Twenty Prayers after Newtown

December 15, 2012

As I prayed today for the families of those 20 children killed in Newtown, I found my prayers felt a little too vague, even as I prayed for peace and strength and courage for “all of them.”  So I decided to think about and try to imagine some possible last moments those children may have had with their families on the morning of December 14…last moments that will be forever etched in the hearts of minds of those left behind.  And so I prayed:

a prayer for the mother who lovingly packed her little boy’s lunch and kissed him good-bye as he hopped on the bus

a prayer for the father who walked his daughter to the bus stop and waved with a warm smile as she drove away

a prayer for the older sister who teased her younger brother and scoffed at his fears of not doing well on his vocabulary test

a prayer for the father who spoke gruffly to his son because he was day-dreaming instead of eating his breakfast

a prayer for the older brother who gave his little sis a high five as she grabbed her backpack and raced out the door

a prayer for the mother who reminded her son to be very, very careful crossing the street and not ever to talk to a stranger

a prayer for the grandmother who texted her grandson as she did every morning to say, “hope u have a really nice day”

a prayer for the mother who resented having to get up so early and couldn’t wait for her daughter to go out the door so she could go back to her warm covers

a prayer for the father who teasingly pulled his daughter’s braids and told her “how pretty you look today”

a prayer for the little brother who watched his big sister pack up her books and wondered when he would ever be lucky enough to go to school

a prayer for the mother and father who stood together at the window and beamed their pride and love as their daughter waved from the front yard

a prayer for the mother who was worried about her son’s cough—should she let him go to school or not…?

a prayer for the father who said to his son who didn’t much like his breakfast, “When are you going to grow up and stop whining about everything?”

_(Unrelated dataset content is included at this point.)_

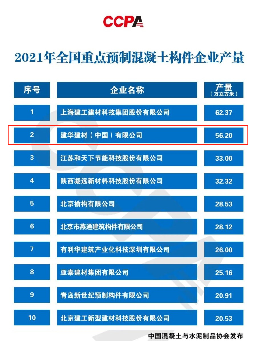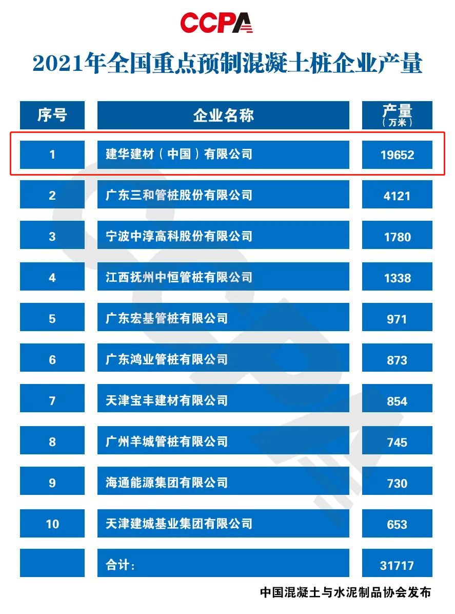近日,中国混凝土与水泥制品协会发布了2021年度全国重点混凝土与水泥制品企业的产量排名。买足球的软件app推荐以1.9652亿米的年产量蝉联预制混凝土桩榜单第一名,以56.2万立方米的年产量位列预制混凝土构件榜单第二名。
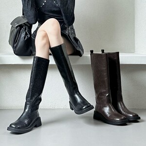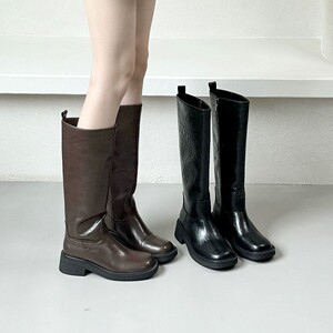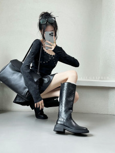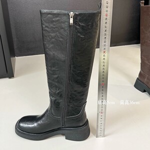 Ali guifei 骑士靴女2025长筒靴黑色高筒靴子粗跟厚底不过膝长靴

a prayer for the mother who hugged her child and told her she couldn’t wait to see her after school

a prayer for the older brother who told his little sister that he thought she looked pretty silly in that bright orange hat

a prayer for the grandfather who couldn’t leave his chair but called out to his granddaughter a hearty “good-bye and don’t forget to be good”

a prayer for the mother and father who scowled at each other across their cups of coffee and failed to see their daughter’s un-ease with their angry silence

a prayer for the baby who giggled with glee as his big brother tickled his stomach on his way out the door

a prayer for the father who kidded with his son and told him not to tease the girls too much

a prayer for the father and mother who each gave their daughter a big bear hug and told her how much they loved her

And then I prayed for all of us, that we might have greater patience, greater love, and a greater awareness of the treasure of each moment we have with those we love.

5 thoughts on “Twenty Prayers after Newtown

  1. Thank you, Norm. We’ve all struggled, I think, to find ways to deal with this terrible tragedy. It helped me to simply try to imagine all of these scenarios–the families became just a little more real for me this way.